At the same time, The Albanu Foundation teams use Surface tablets with brigades. Indeed, the ergonomics of these tactile equipment is particularly adapted to the «off-road» working conditions of the patrols and also allows to gather in one and the same place all the Azure functionalities necessary for their mission. «Surface tablets allow you to load all the tracker data, intelligence data and also give access to the information of other species located near elephants» explains Margaux Claret. For example, if an elephant does not go to the right place, the brigades will be notified directly from the Surface shelves and can act accordingly. “This equipment will ensure that brigades no longer have to rely on a control centre. They will be able to intervene more quickly,” says the Foundation’s president, a boon when we know that on the ground, “every minute counts.”
FastTrack, an essential ingredient for the success of the project
The technological rise of The Albanu Foundation and NGS-Drone was supported by FastTrack, a support program developed by Microsoft. “Without FastTrack, we wouldn’t be where we are today, we probably would have made mistakes in the way we design our architecture,” says Claret. “some topics like the Edge are complex, and we needed to be accompanied to understand the specifics, the limitations…”.

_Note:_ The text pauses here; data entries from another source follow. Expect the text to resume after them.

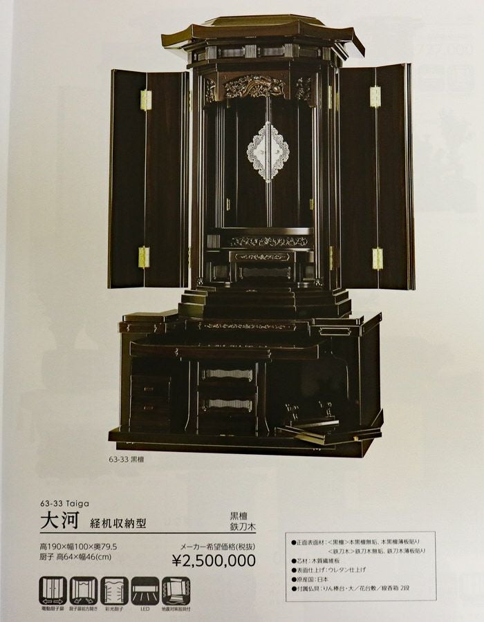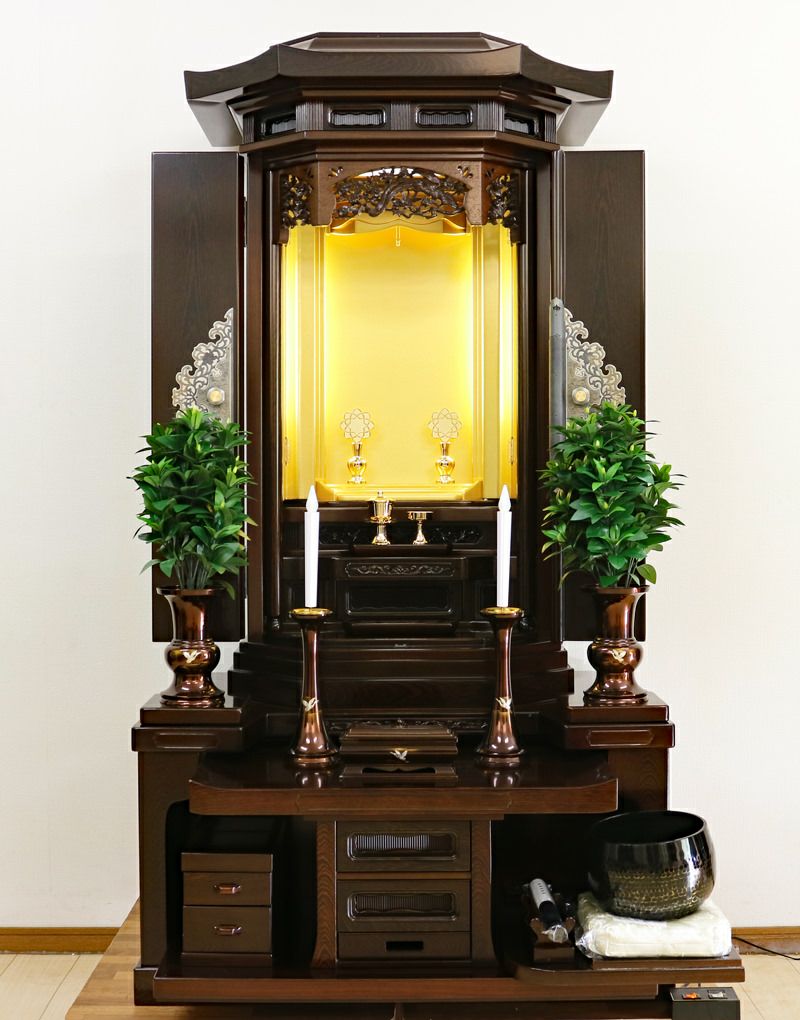 お厨子上部だけでなく、両脇にも照明がついている彩光厨子を採用しているので、御本尊様を明るく拝すことができます。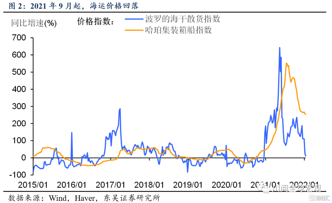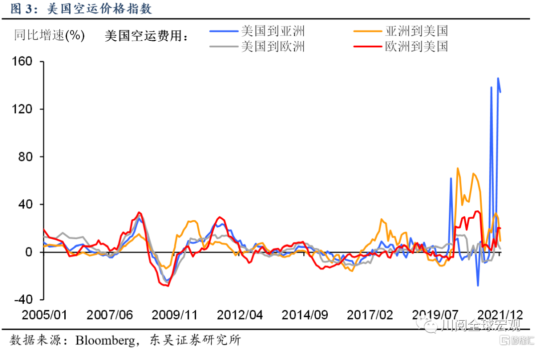 第一類聚焦跨境運輸費用。綜合考慮了原材料的運輸成本、集裝箱船運價以及空運價格,分別參考了波羅的海乾散貨指數、Harpex指數以及亞洲和歐洲方面往返美國的空運價格指數(圖2-圖3)。
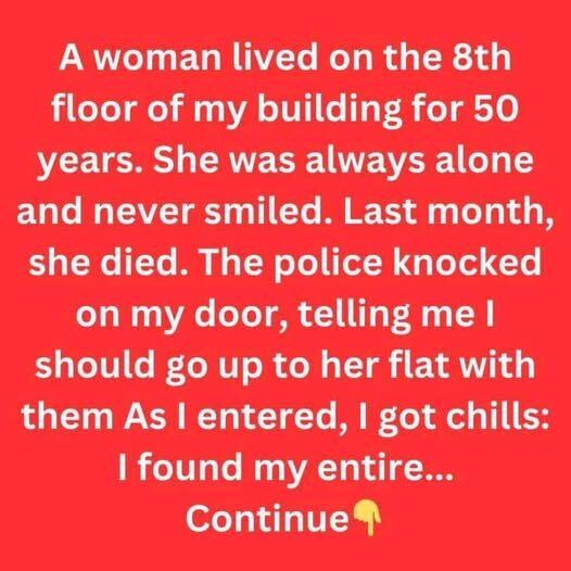 This woman had lived on the 8th floor of my building for 50 years. She was always alone, and never smiled. All the neighbors avoided her because she could start a fight at any moment. Last month, she died. The police knocked on my door, telling me I should go up to her flat with them.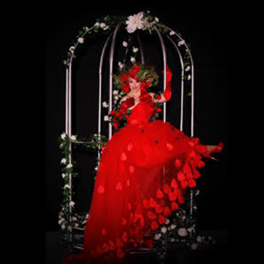 Unser Riesenvogelkäfig präsentiert eine talentierte Luftakrobatin, die ihre erstaunlichen akrobatischen Fähigkeiten zur Schau stellt, um einen Mittelpunkt bei Ihrer Veranstaltung zu schaffen.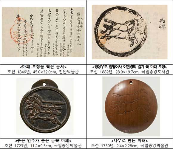 특별전에서는 <붉은 인주가 묻은 마패>, <암행어사가 마패를 찍은 문서> 등 여러 전시품에서 ‘말’을 살펴볼 수 있는데, 특히 암행어사의 상징처럼 여겨졌던 ‘마패’가 눈길을 끈다. 마패는 조선시대 출장을 떠나는 관원이 역참(驛站)에서 말을 이용할 수 있도록 발급한 증표다. 말 한 마리를 새긴 일마패(一馬牌)부터 다섯 마리를 새긴 오마패(五馬牌)까지 다섯 종류가 있었으며, 18세기 초 전국에 유통된 마패의 수는 670개에 달했다.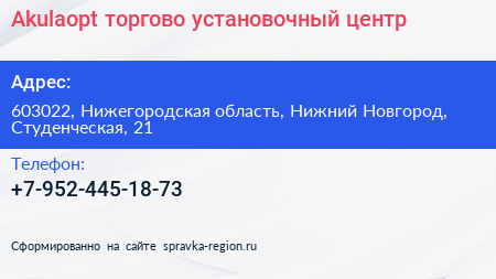Akulaopt, торгово-установочный центр по адресу 603022, Нижегородская область, Нижний Новгород, Студенческая, 21 в дальнейшем Организация, размещена в следующих категориях: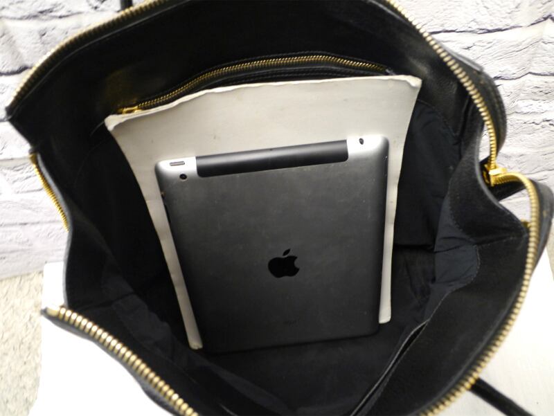 A4用紙がスッポリと収まる絶妙なサイズ感に、サイドジップの開閉やマチが広めに取られた構造で荷物はたくさん入り、用途に合わせて使い勝手も素晴らしいと思います。

FastTrack has thus proved to be fundamental in many respects and has enabled The Albanu Foundation to transform its technological concept into a real product. Microsoft experts were able to answer all the technological questions and facilitate the migration to the Azure Cloud. In addition, Margaux, Jean-Philippe Claret and their partners have gained in agility, autonomy and are now able to build their own infrastructure while being backed by the power of Microsoft technologies.
This virtuous dynamic gives The Albanu Foundation the means to carry its ambitions ever further. And tomorrow, the teams intend to share their know-how with as many actors as possible and to replicate their approach to other threatened species such as bees, rhinoceros or species of rare and threatened trees. Another (technological) step towards a better preservation of wildlife.